Integrasi Digital BPKH: DPR Tekankan Pentingnya Memahami Profil Jamaah Haji Terlebih Dahulu
Sebelum integrasi layanan digital BPKH diterapkan, DPR RI menekankan perlunya memahami profil jamaah haji untuk memastikan layanan optimal dan inklusif bagi semua lapisan masyarakat.

Ketua Komisi VIII DPR RI, Marwan Dasopang, menekankan pentingnya memahami profil jamaah haji sebelum mengimplementasikan integrasi layanan digital BPKH. Hal ini disampaikan dalam rapat bersama para pemimpin asosiasi haji dan umrah di Jakarta, Rabu (5/3). Pernyataan ini muncul sebagai respons terhadap usulan integrasi layanan digital BPKH untuk meningkatkan transparansi dan menerima masukan publik dari Ikatan Persaudaraan Haji Indonesia (IPHI).
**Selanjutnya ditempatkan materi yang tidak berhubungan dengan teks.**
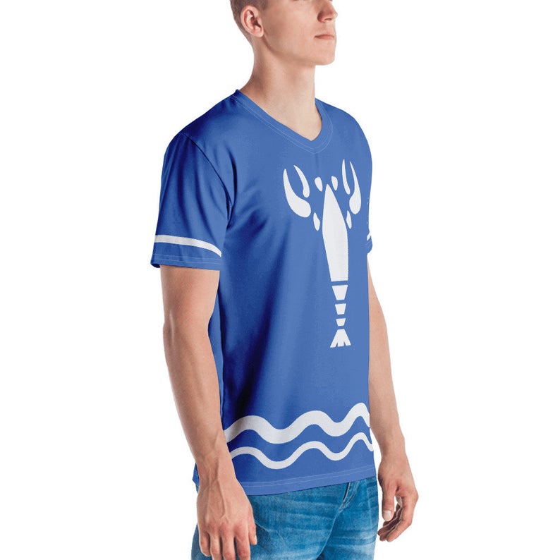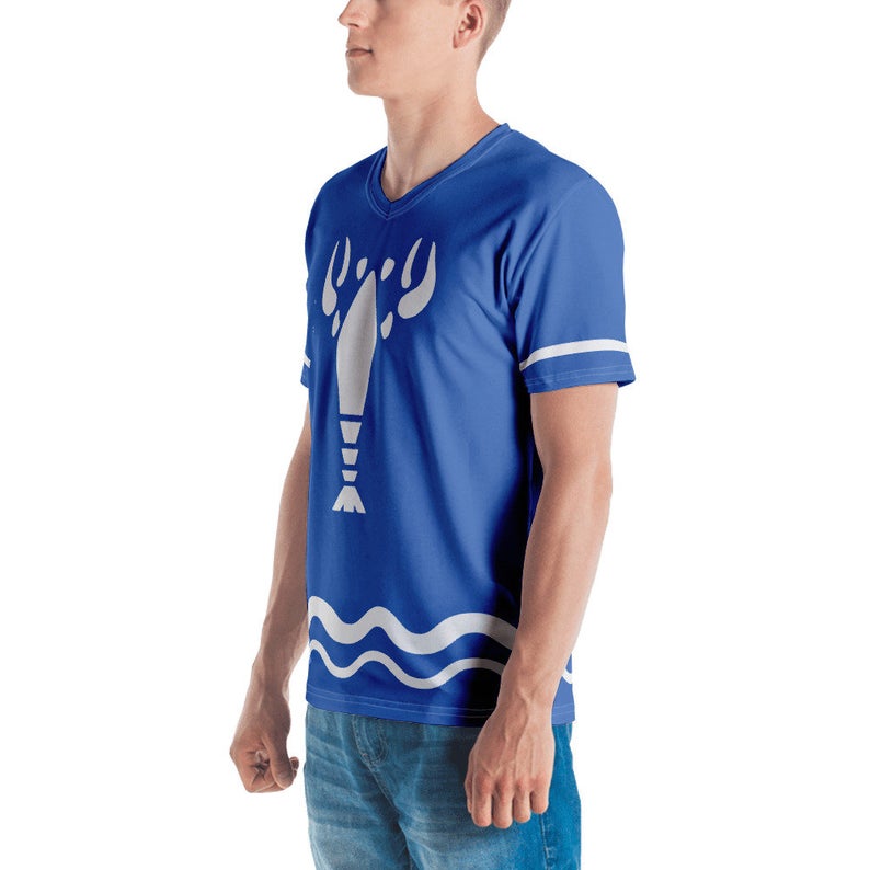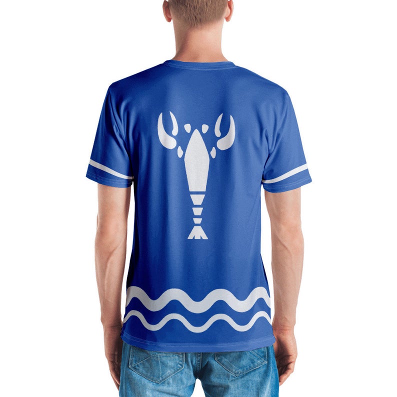 Whether for sleeping in or just being comfortable on your adventures, this tee is bound to delight. This design, inspired by in-game clothing, includes a large lobster on the front and back with waves on the bottom.

Marwan menjelaskan bahwa profil jamaah haji sangat beragam. "Profil jamaah kita harus dipahami dulu. Kalau berbicara jamaah haji khusus, ya mereka pakai gadget yang seperti ini pun selesai. Tapi kan jamaah reguler kita ini pak, dari sudut-sudut kampung sana," ujarnya. Oleh karena itu, integrasi digital harus dirancang agar dapat menjangkau dan melayani seluruh lapisan masyarakat, baik yang dari kalangan atas maupun dari daerah terpencil.
Meskipun demikian, DPR RI tetap terbuka terhadap usulan integrasi layanan digital. Pihaknya akan berupaya mengakomodasi ide tersebut dengan penyesuaian yang tepat agar layanan haji dan umrah dapat menjangkau semua kalangan. Marwan menambahkan bahwa jika pengelolaan keuangan BPKH sudah memadai, bahkan melebihi standar, maka tidak ada yang perlu dipersoalkan. Saat ini, fokusnya adalah melipatgandakan manfaat dari institusi tersebut.
Integrasi Digital dan Usulan AMPHURI
Rapat tersebut juga membahas berbagai usulan, salah satunya dari Asosiasi Muslim Penyelenggara Haji dan Umrah Republik Indonesia (AMPHURI). AMPHURI mengusulkan agar BPKH berfungsi sebagai bank haji, sehingga masyarakat tidak hanya dapat menyetorkan dana haji, tetapi juga dapat mengelola dananya seperti di bank syariah lainnya. Marwan menanggapi usulan ini dengan hati-hati. Ia menyatakan bahwa perlu pertimbangan matang terkait rumusan tersebut, mengingat aspek hukum perbankan dan potensi pemanggilan oleh Komisi VI DPR terkait tanggung jawab sosial perusahaan (CSR).
Selain itu, perlu dipertimbangkan dampak kebijakan Arab Saudi terkait kemungkinan pembukaan haji secara mandiri. Hal ini berpotensi menggeser minat masyarakat, terutama bagi mereka yang mampu, dari haji furoda dan haji khusus ke haji mandiri. "Yang habis itu bapak-bapak. Jadi furoda tidak akan laku lagi yang selama ini bapak kelola selain haji khusus. Nanti akan terjadi pergeseran minat masyarakat yang punya uang tidak lagi lewat furoda tapi haji mandiri," jelas Marwan.
Dengan demikian, DPR RI menekankan pentingnya perencanaan yang matang dan komprehensif sebelum mengimplementasikan integrasi layanan digital BPKH. Integrasi tersebut harus dirancang agar inklusif dan dapat melayani seluruh lapisan masyarakat, serta mempertimbangkan berbagai faktor, termasuk regulasi dan potensi perubahan kebijakan dari Arab Saudi.
Poin-poin penting yang perlu diperhatikan:
- Memahami profil jamaah haji yang beragam sebelum implementasi integrasi digital.
- Menyesuaikan integrasi digital agar dapat menjangkau semua lapisan masyarakat.
- Mempelajari usulan AMPHURI tentang BPKH sebagai bank haji dengan mempertimbangkan aspek hukum dan CSR.
- Mempertimbangkan dampak kebijakan Arab Saudi terkait haji mandiri terhadap minat masyarakat.
Kesimpulannya, DPR menekankan perlunya pendekatan yang hati-hati dan komprehensif dalam pengembangan layanan digital BPKH, dengan prioritas utama pada pemahaman kebutuhan jamaah haji dari berbagai latar belakang.